JAROM VAHAI: But I noticed that it would — it does progress and get worse.

MILES O’BRIEN: There are times — it makes it hard at times when I’m in a quiet place.

MAN: Over the years, it’s just gotten progressively worse, where it’s been getting louder and louder.

JENNIFER GANS: Maybe going from toe to head and head to toe, just noticing whatever is there to be felt.

MILES O’BRIEN: The class was pioneered by clinical psychologist Jennifer Gans.

JENNIFER GANS: You may notice as you’re doing this that your mind wanders.

MILES O’BRIEN: She teaches mindfulness with some basic meditation techniques. She adapted it from similar treatments for people with chronic pain.

Gans says those who complete the eight-week course report less awareness of tinnitus and reduced depression and anxiety levels.

JENNIFER GANS: We can redirect the fear of the tinnitus sensation to the fact that, you know what, this is just a sound. It’s not here to kill us. We can let it go.

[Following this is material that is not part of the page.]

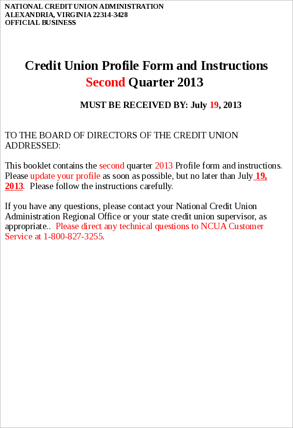 | Providing Updated Information: In accordance with NCUA Rules and Regulations Part 741, credit unions are required to update their profile information within 10 days of the election or appointment of senior management and volunteer officials, or within 30 days of any change. Online filing credit unions will make these changes in the online system. Manual filing credit unions will update their information on this paper form and send it to their regulator. |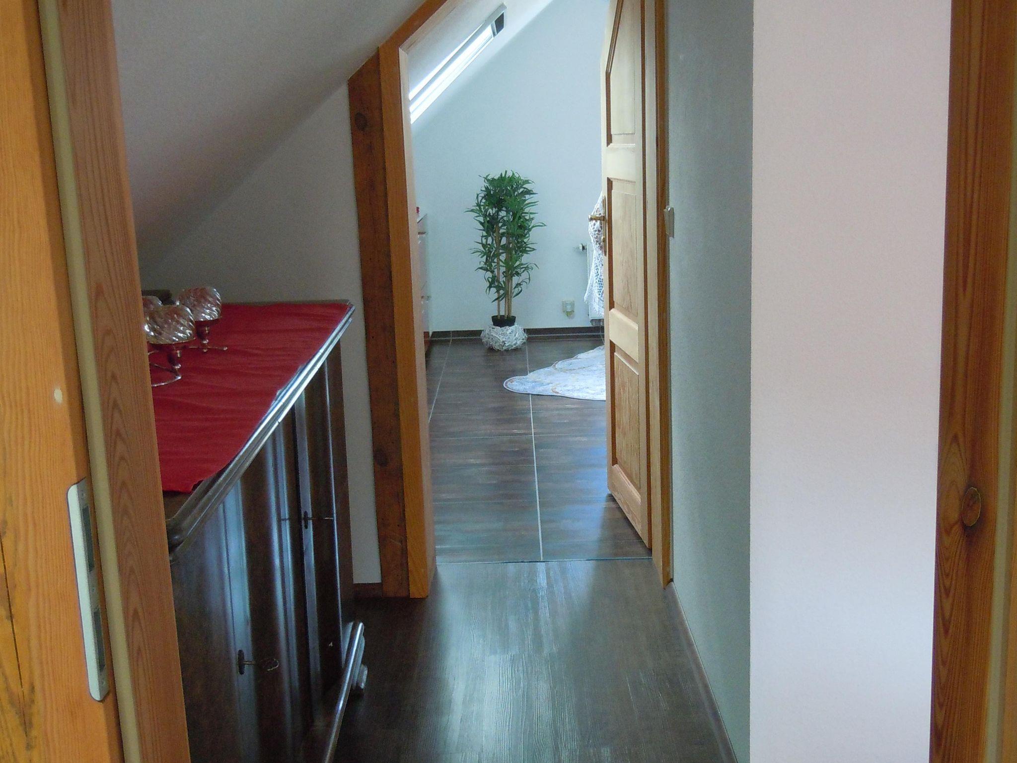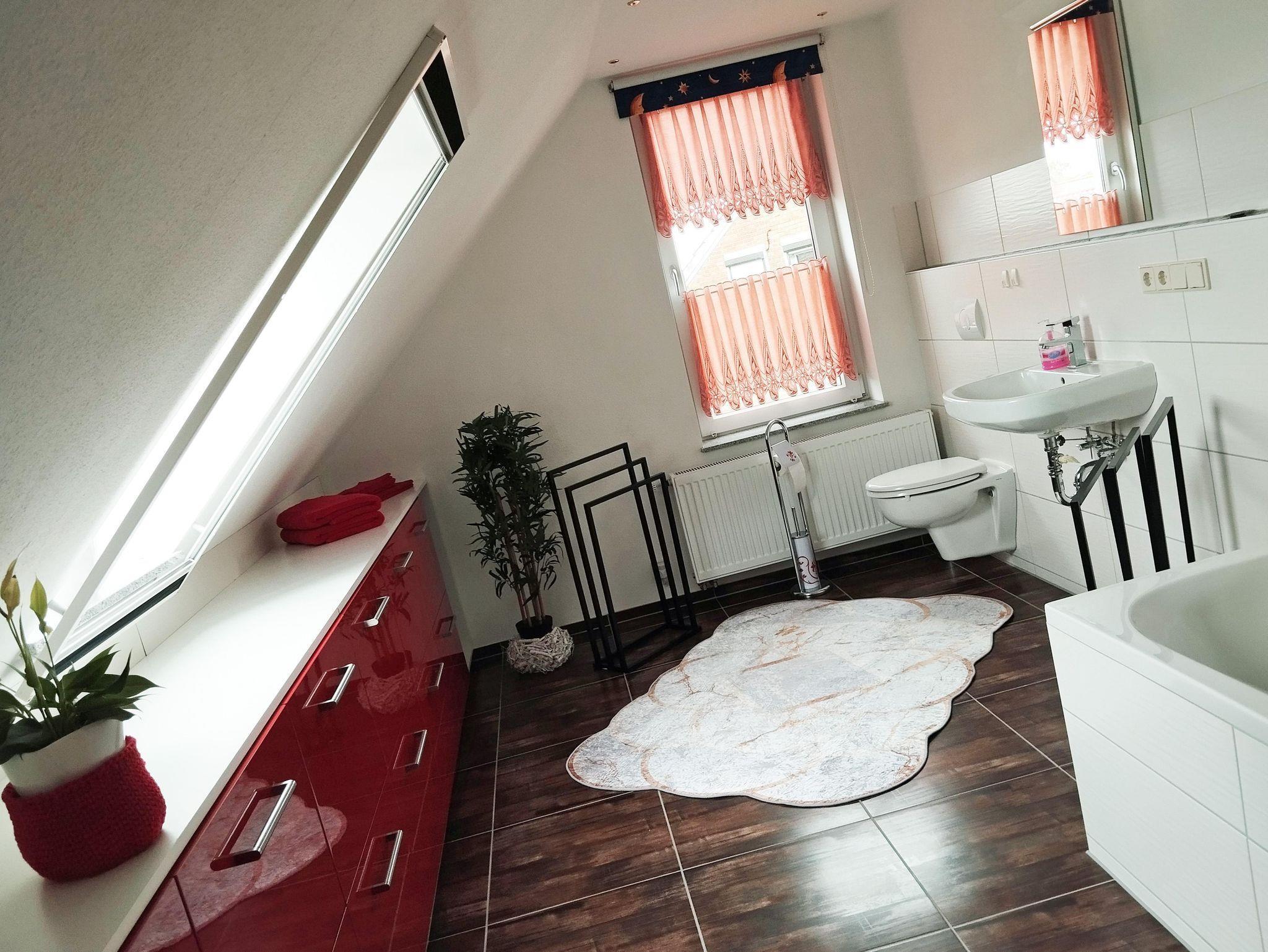 Die Ferienwohnung/Etagenwohnung befindet sich in der 1./2. Etage und bietet auf 78m² Wohnfläche Wohnzimmer mit TV, zwei getrennten Schlafzimmer mit Doppelbett. Eine Aufbettung für 2 weitere Personen im Wohnzimmer ist möglich. Bad mit Badewanne/ WC großzügig gestaltet. Küche/Einbauküche mit E-Herd/Ceranfeld, Kühlschrank, Mikrowelle, Toaster, Wasserkocher, Kaffeemaschine.

MILES O’BRIEN: But, for me, it also helps to try and cover it up. And for that, I wear hearing aids. The amplification brings back the range of hearing my auditory cortex is missing, and my hearing aids also have a white noise generator, which can mask the tinnitus when I’m particularly bothered by it.

Jarom Vahai has found the best tinnitus treatment for him is this little guy, his service dog, Chewy.

JAROM VAHAI: Yes, my pain comes and goes. It’s really bad at times. But the tinnitus is always there. It’s always there.

MILES O’BRIEN: Maybe someday, a cure will be there, maybe.